Now that May is here, you might be checking in with those New Year’s resolutions you made in January to see if you’re on track. We’d like to suggest adding another item to your list: resolve to plan your estate in 2013.
Sadly, the majority of U S residents currently have no plan in place, choosing instead to rely on the wisdom of the courts to settle their estates after they’re gone. This might sound like a good plan in theory – after all, the courts will divide your estate among your family members and unless you have a considerable amount of assets, this kind of court-directed division should be pretty fair…. right?

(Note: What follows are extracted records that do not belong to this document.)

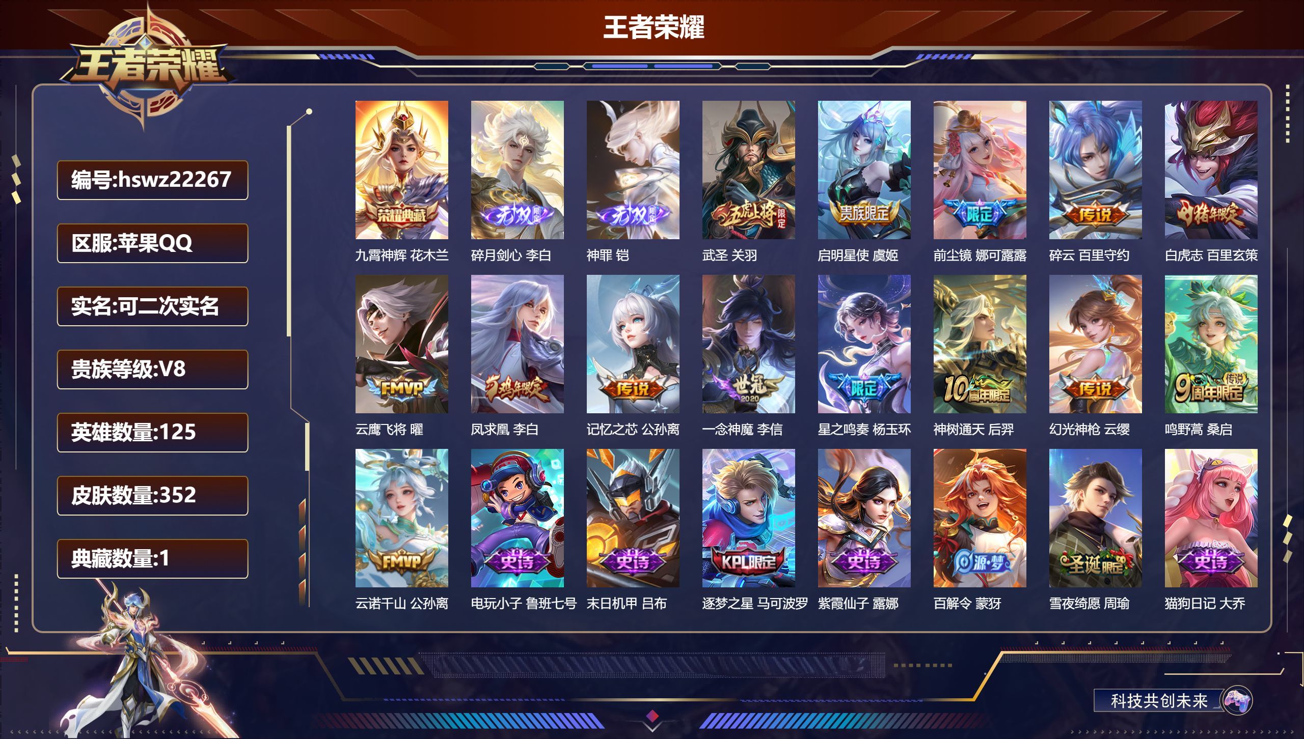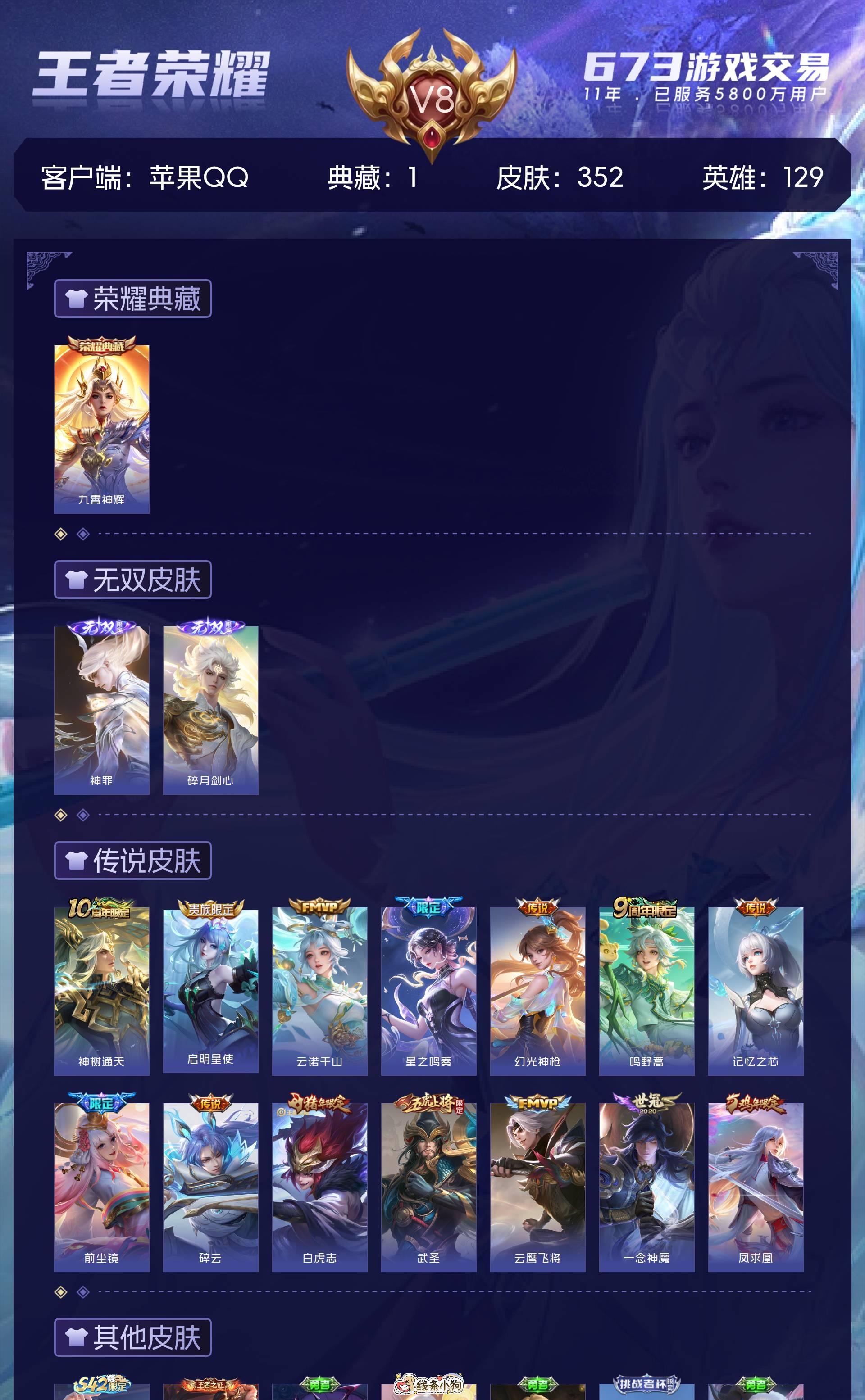 苹果QQ/永恒钻石/352皮肤/125英雄/1典藏/0珍品无双/2无双/0珍品传说/14传说/88史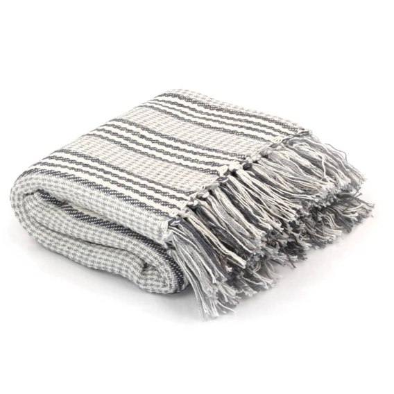 BAWEŁNIANA NARZUTA W PASKI 125X150CM SZARO-BIAŁA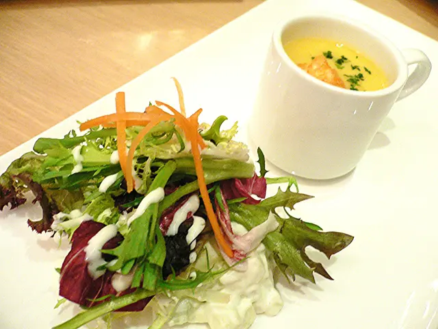 首先來的甘筍湯,細細杯,味道香濃,夠熱;伴沙律;一清一濃,很好味。

Unfortunately, how the courts see your estate isn’t always in the best interest of your loved ones. Creditors are taken care of first and the cost of probate can wreak havoc on your family’s inheritance. There’s also the possibility that family members will fight over assets, creating a rift that may never quite heal and in the event that you become incapacitated before your death, there’s no guarantee that your family will make decisions about financial issues and your medical care in accordance with your wishes. Then there are the time delays of settling an estate through the court system. No one likes that.
Also remember that the tax laws do change from time to time, so it’s possible that how your estate would be divided today is not the reality your family will face down the road.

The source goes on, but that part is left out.